Die Arbeitsgruppe ist ebenfalls richtig eingestellt.
Bei den Lokalen Sicherheitsrichtlinien habe ich bei beiden PC's bei "Auf diesen Computer vom Netzwerk aus zugreiffen" die Rechte an Jeder und Gast gegeben und bei "Zugriff auf diesen Rechner vom Netzwerk aus verweigern" einfach mal alles rausgelöscht.
Beim Win XP Pro Rechner habe ich in den Ordneroptionen das Häckchen bei "Vereinfachte Dateifreigabe" gesetzt.
Nun. Auf dem Win XP Pro Rechner wird der Win2k Rechner in der Arbeitsgruppe angezeigt. Es geht zwar recht lange, bis die Arbeitsgruppe aufgelistet wird.
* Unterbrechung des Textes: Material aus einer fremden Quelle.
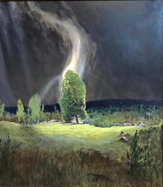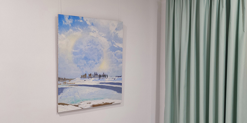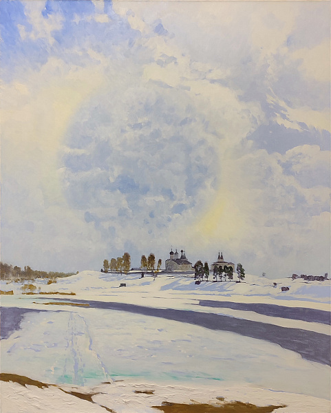 Живопись Александра Афонина, сюжеты которые он выбирает для своих картин это сплав той самой пейзажности и светолития, свечения, «умозрения в красках». В широкий равнинный пейзаж, пересечённый невысокими холмами, художник вписывает русские церкви, как завершающий штрих, как необходимый акцент среди стелющихся волнистых линий. На выставке в РАМС мы показали картины Александра Афонина «Ферапонтово. Лед и пламень», «Зимняя радуга. Ферапонтово», «Радуйся, Благодатная, Купино Неопалимая»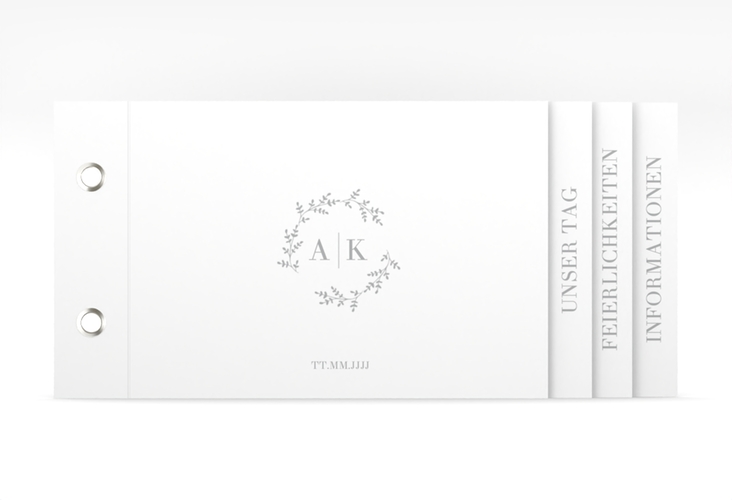Hochzeitseinladung Filigrana Booklet grau in reduziertem Design mit Initialen und zartem Blätterkranz Hochzeitseinladung Filigrana Booklet grau in reduziertem Design mit Initialen und zartem Blätterkranz

Wenn ich dann den Win2k Rechner doppelklicke, um auf ihn zuzugreiffen, kommt die Meldung:



> Auf \\Fuckup kann nicht zugegriffen werden. Sie habe eventuell nicht die Berechtigung, diese Netzwerkressource zu verwenden. Wenden Sie sich an den Administrator des Servers, um herauszufinden, ob Sie über Berechtigungen verfügen.
> 
> Der Netzwerkpfad wurde nicht gefunden.



Selbige Meldung kommt auch, wenn ich unter Start->Ausführen.. "\\192.168.bla.bla" eintrage.

Nun, auf dem Win2k Rechner taucht der Win XP Pro Rechner gar nicht auf in der Arbeitsgruppe und es geht fast eine Stunde, bis die Arbeitsgruppe angezeigt wird.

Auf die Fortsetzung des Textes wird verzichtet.